*** Opening ENTRIES SHOWN ***

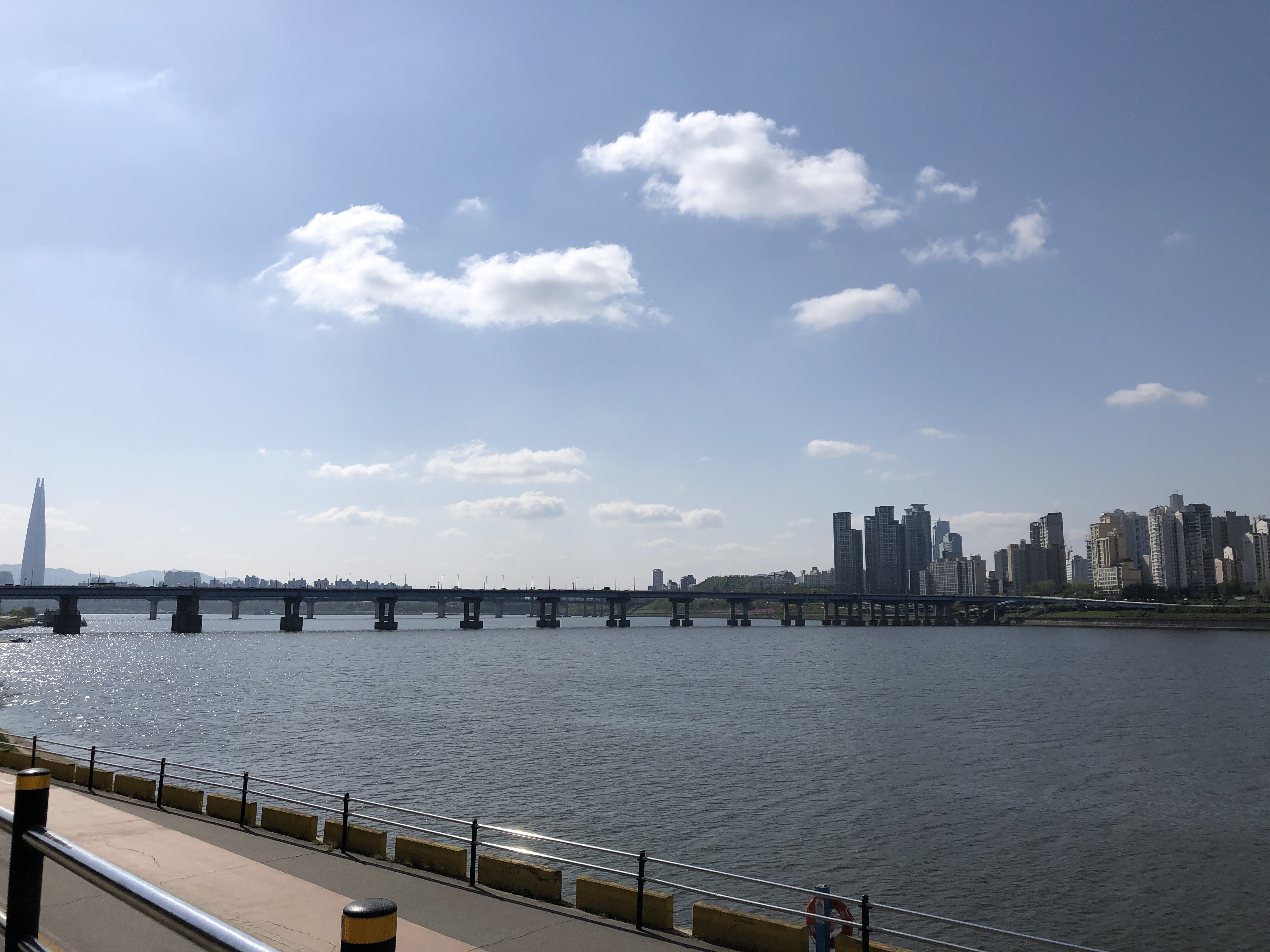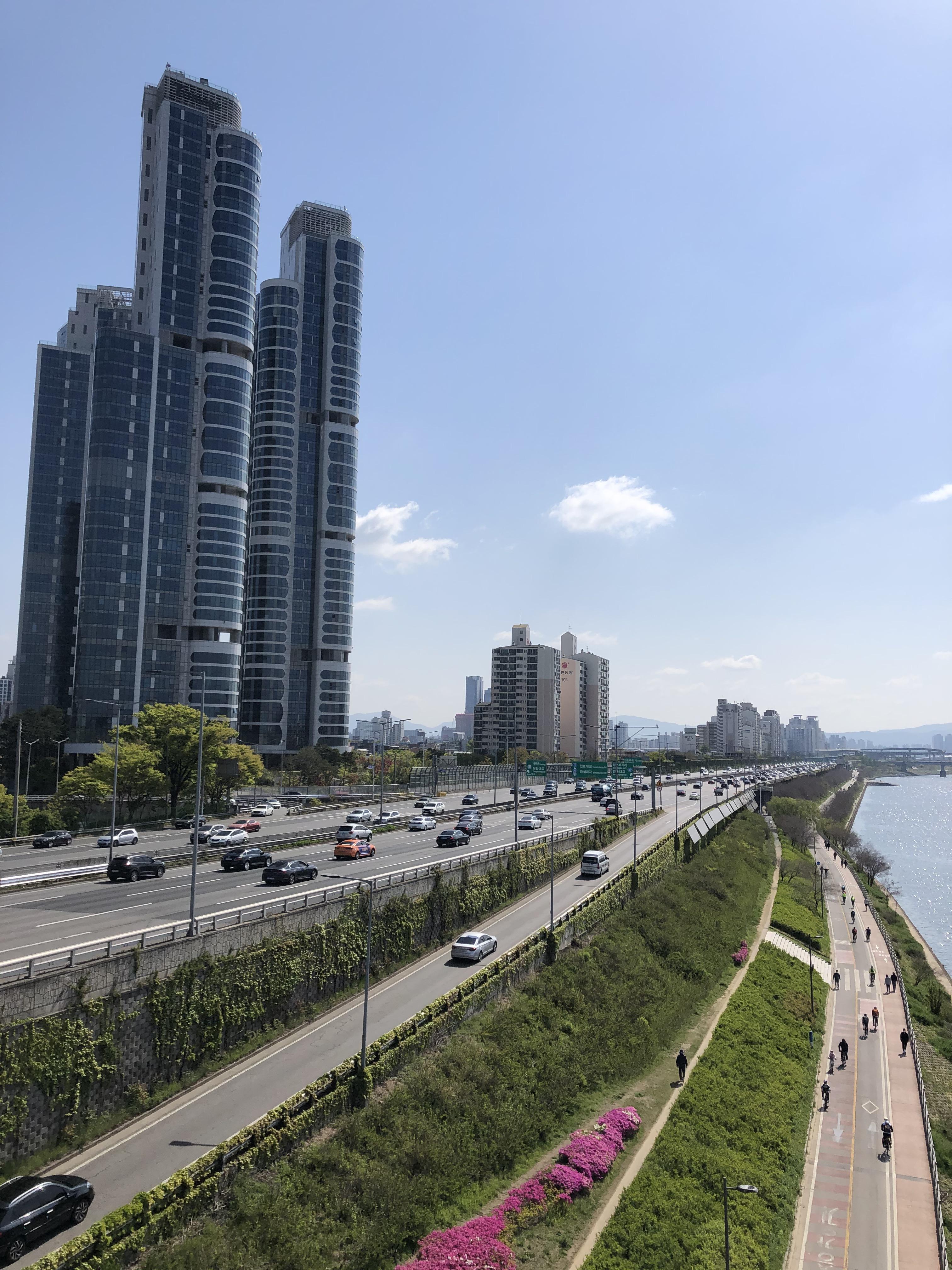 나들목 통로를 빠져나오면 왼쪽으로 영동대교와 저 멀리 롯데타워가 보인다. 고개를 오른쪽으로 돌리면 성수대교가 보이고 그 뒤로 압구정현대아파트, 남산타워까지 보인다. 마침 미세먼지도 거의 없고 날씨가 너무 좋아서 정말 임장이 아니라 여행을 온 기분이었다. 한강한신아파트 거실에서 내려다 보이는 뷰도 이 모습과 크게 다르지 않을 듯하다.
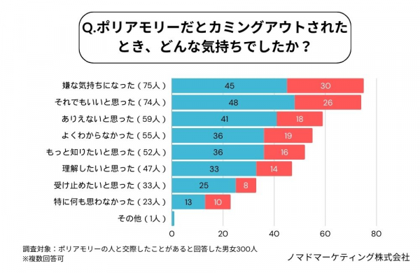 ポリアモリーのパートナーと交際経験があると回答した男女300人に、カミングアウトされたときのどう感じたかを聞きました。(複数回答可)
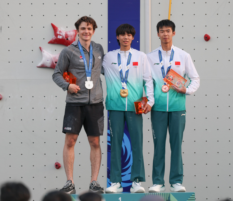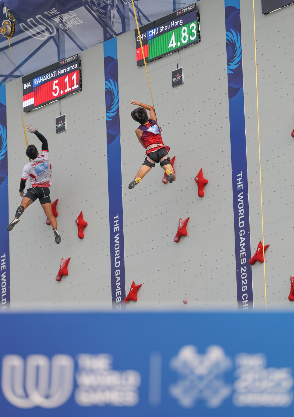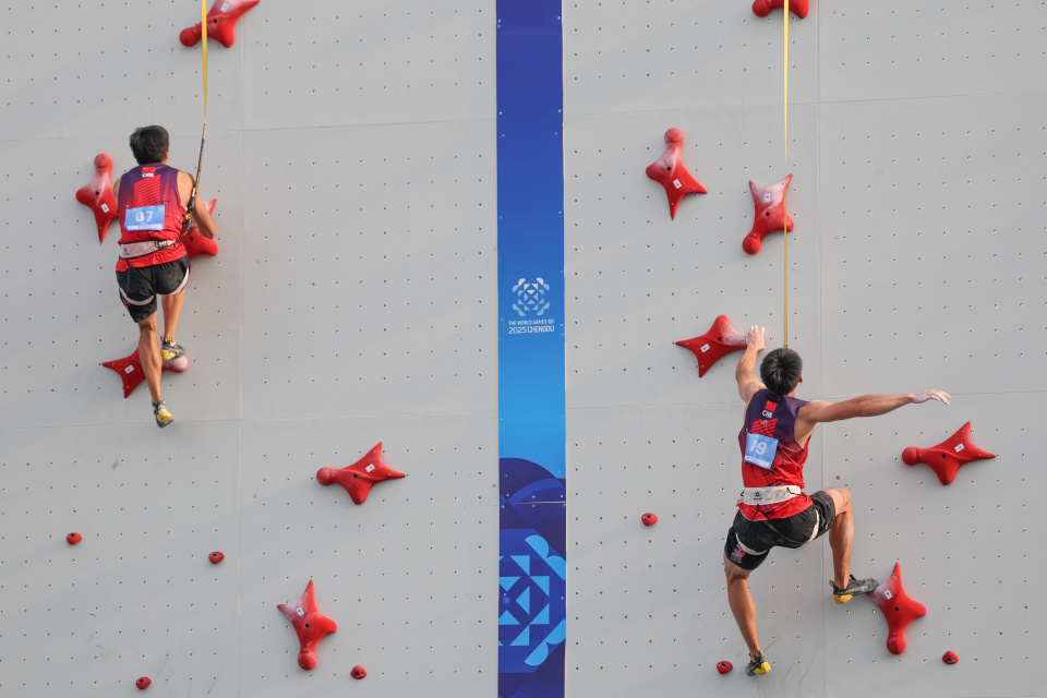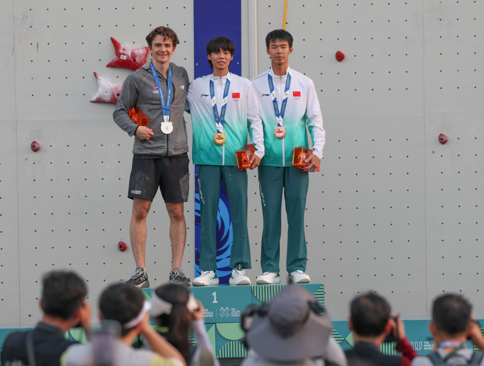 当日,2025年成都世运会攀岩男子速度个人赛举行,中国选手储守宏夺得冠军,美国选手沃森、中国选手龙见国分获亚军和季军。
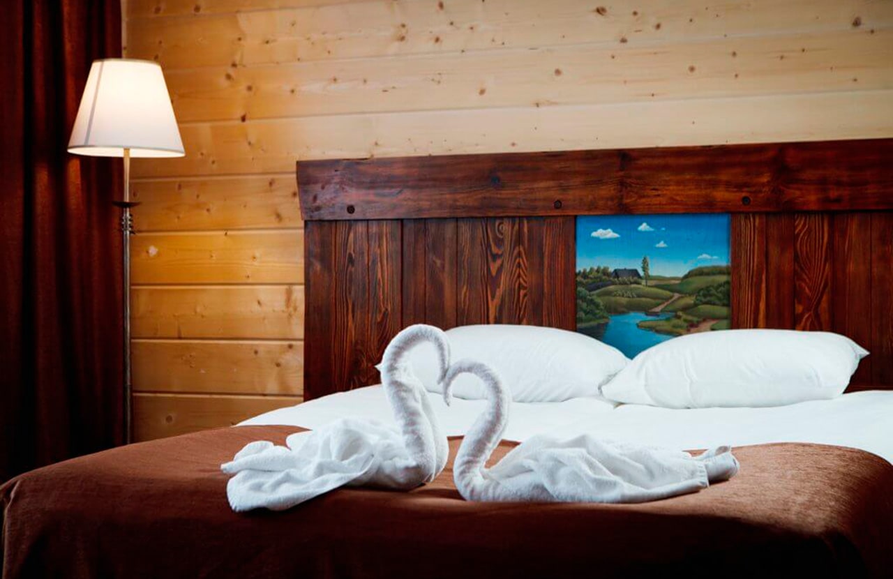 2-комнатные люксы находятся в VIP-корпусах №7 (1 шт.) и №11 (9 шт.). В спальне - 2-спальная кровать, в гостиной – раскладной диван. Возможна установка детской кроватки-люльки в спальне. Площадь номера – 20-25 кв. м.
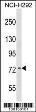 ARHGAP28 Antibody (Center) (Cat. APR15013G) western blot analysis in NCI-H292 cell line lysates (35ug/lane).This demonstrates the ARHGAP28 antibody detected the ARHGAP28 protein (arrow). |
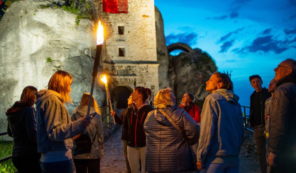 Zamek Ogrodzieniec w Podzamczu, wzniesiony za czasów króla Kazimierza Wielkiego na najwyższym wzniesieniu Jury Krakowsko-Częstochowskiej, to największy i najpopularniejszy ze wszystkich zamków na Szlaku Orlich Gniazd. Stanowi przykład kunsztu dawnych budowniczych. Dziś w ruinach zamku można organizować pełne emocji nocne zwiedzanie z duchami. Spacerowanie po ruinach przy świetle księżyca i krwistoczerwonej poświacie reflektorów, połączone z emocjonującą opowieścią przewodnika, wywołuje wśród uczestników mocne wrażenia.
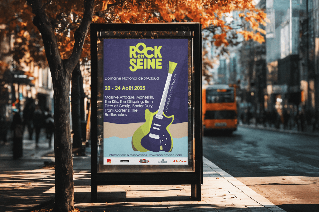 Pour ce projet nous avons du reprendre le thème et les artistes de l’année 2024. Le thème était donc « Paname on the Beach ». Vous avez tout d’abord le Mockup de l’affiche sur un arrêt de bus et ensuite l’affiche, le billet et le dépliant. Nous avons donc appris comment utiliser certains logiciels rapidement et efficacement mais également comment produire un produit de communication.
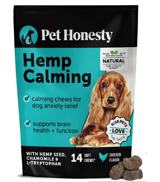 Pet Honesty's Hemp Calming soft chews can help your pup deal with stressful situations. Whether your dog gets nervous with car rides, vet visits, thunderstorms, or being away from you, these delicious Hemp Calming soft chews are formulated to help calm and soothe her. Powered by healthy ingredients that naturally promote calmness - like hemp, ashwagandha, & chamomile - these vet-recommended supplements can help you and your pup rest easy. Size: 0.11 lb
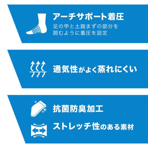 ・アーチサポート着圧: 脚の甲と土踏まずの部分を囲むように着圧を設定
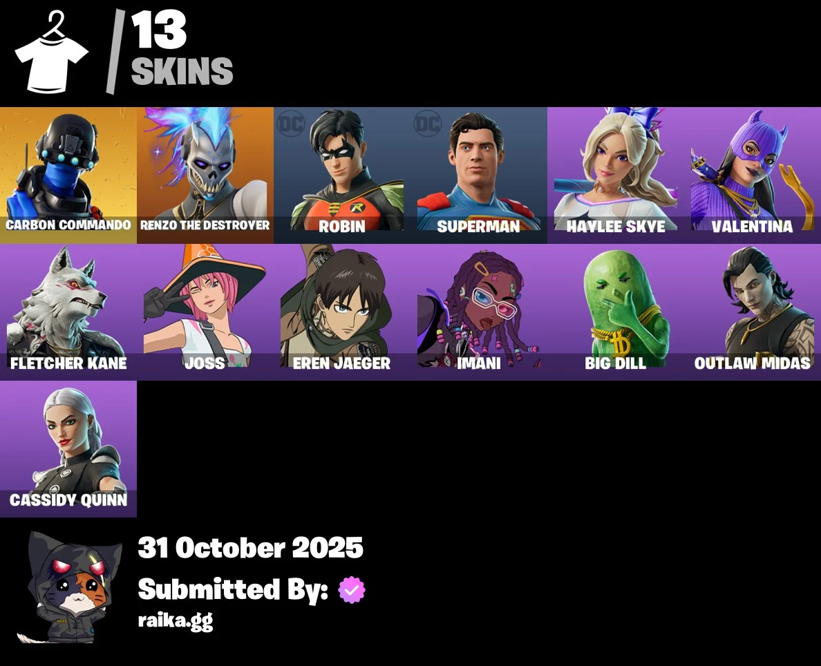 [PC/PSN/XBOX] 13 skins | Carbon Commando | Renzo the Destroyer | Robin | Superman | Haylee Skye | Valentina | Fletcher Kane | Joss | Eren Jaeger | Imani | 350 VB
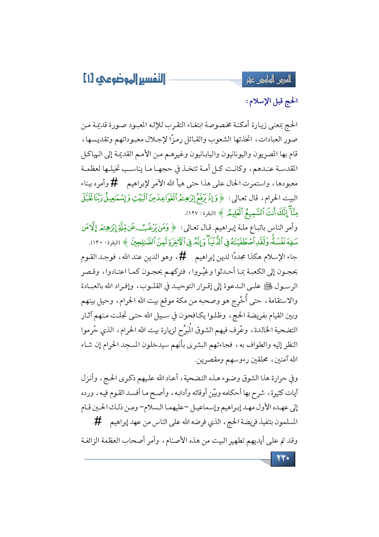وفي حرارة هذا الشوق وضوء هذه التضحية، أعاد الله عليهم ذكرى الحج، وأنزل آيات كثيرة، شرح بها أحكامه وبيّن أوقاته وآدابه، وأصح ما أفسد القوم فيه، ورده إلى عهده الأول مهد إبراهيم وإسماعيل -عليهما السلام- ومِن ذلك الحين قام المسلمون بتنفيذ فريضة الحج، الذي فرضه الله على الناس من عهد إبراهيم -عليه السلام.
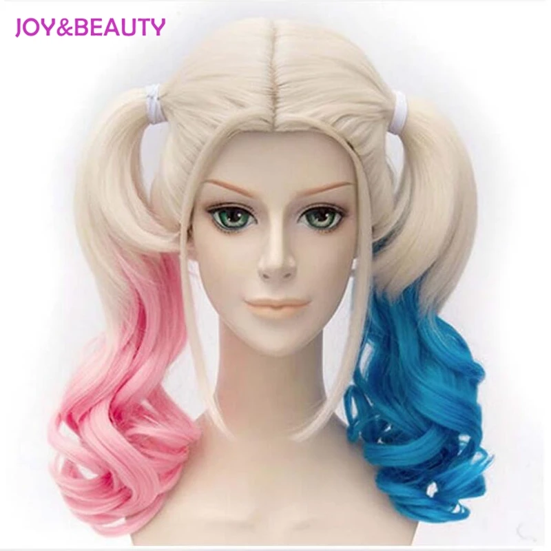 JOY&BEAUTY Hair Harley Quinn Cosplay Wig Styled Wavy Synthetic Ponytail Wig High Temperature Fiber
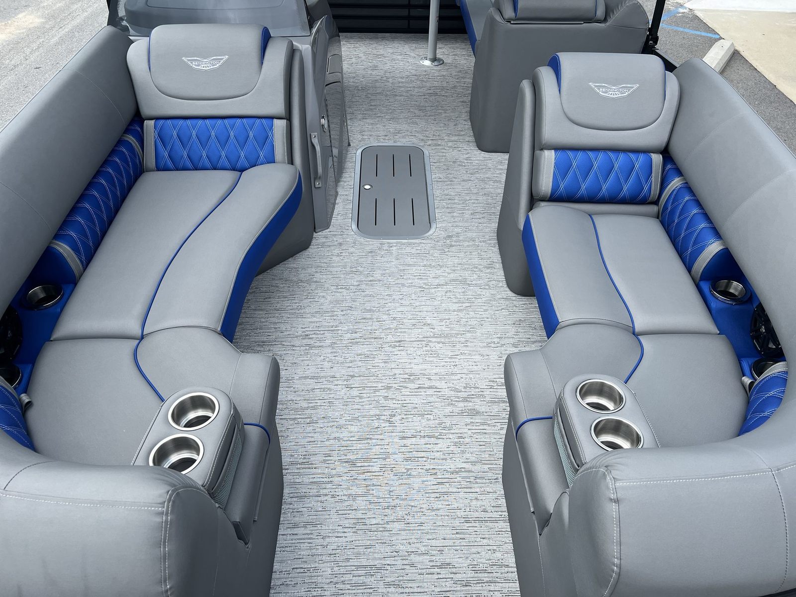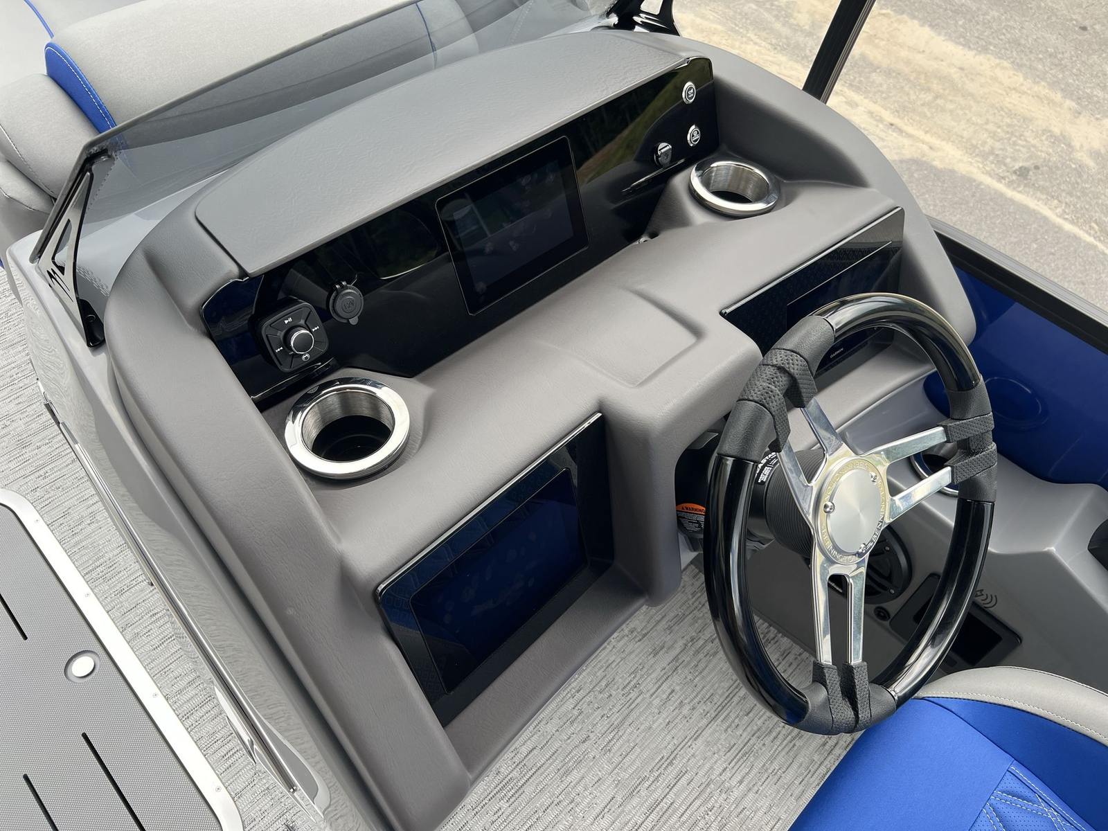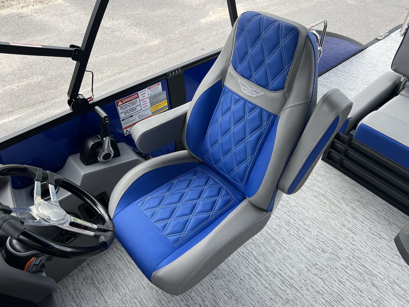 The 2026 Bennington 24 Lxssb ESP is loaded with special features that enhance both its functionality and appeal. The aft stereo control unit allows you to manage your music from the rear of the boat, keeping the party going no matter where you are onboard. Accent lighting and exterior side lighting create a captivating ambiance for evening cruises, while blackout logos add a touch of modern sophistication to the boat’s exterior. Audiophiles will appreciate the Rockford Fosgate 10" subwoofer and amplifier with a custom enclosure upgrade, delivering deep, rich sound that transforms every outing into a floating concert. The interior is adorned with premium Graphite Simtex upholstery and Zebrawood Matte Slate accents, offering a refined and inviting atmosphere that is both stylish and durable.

*** Closing ENTRIES SHOWN ***

- PROBLEM TO SOLVE
Although pictures appear among the records above, write out exactly only the lines from the one that has "2-комнатные люксы находятся" through the one that has "[PC/PSN/XBOX] 13 skins", and leave the pictures out.

- EXERCISE RESPONSE
 2-комнатные люксы находятся в VIP-корпусах №7 (1 шт.) и №11 (9 шт.). В спальне - 2-спальная кровать, в гостиной – раскладной диван. Возможна установка детской кроватки-люльки в спальне. Площадь номера – 20-25 кв. м.
 ARHGAP28 Antibody (Center) (Cat. APR15013G) western blot analysis in NCI-H292 cell line lysates (35ug/lane).This demonstrates the ARHGAP28 antibody detected the ARHGAP28 protein (arrow). |
 Zamek Ogrodzieniec w Podzamczu, wzniesiony za czasów króla Kazimierza Wielkiego na najwyższym wzniesieniu Jury Krakowsko-Częstochowskiej, to największy i najpopularniejszy ze wszystkich zamków na Szlaku Orlich Gniazd. Stanowi przykład kunsztu dawnych budowniczych. Dziś w ruinach zamku można organizować pełne emocji nocne zwiedzanie z duchami. Spacerowanie po ruinach przy świetle księżyca i krwistoczerwonej poświacie reflektorów, połączone z emocjonującą opowieścią przewodnika, wywołuje wśród uczestników mocne wrażenia.
 Pour ce projet nous avons du reprendre le thème et les artistes de l’année 2024. Le thème était donc « Paname on the Beach ». Vous avez tout d’abord le Mockup de l’affiche sur un arrêt de bus et ensuite l’affiche, le billet et le dépliant. Nous avons donc appris comment utiliser certains logiciels rapidement et efficacement mais également comment produire un produit de communication.
 Pet Honesty's Hemp Calming soft chews can help your pup deal with stressful situations. Whether your dog gets nervous with car rides, vet visits, thunderstorms, or being away from you, these delicious Hemp Calming soft chews are formulated to help calm and soothe her. Powered by healthy ingredients that naturally promote calmness - like hemp, ashwagandha, & chamomile - these vet-recommended supplements can help you and your pup rest easy. Size: 0.11 lb
 ・アーチサポート着圧: 脚の甲と土踏まずの部分を囲むように着圧を設定
 [PC/PSN/XBOX] 13 skins | Carbon Commando | Renzo the Destroyer | Robin | Superman | Haylee Skye | Valentina | Fletcher Kane | Joss | Eren Jaeger | Imani | 350 VB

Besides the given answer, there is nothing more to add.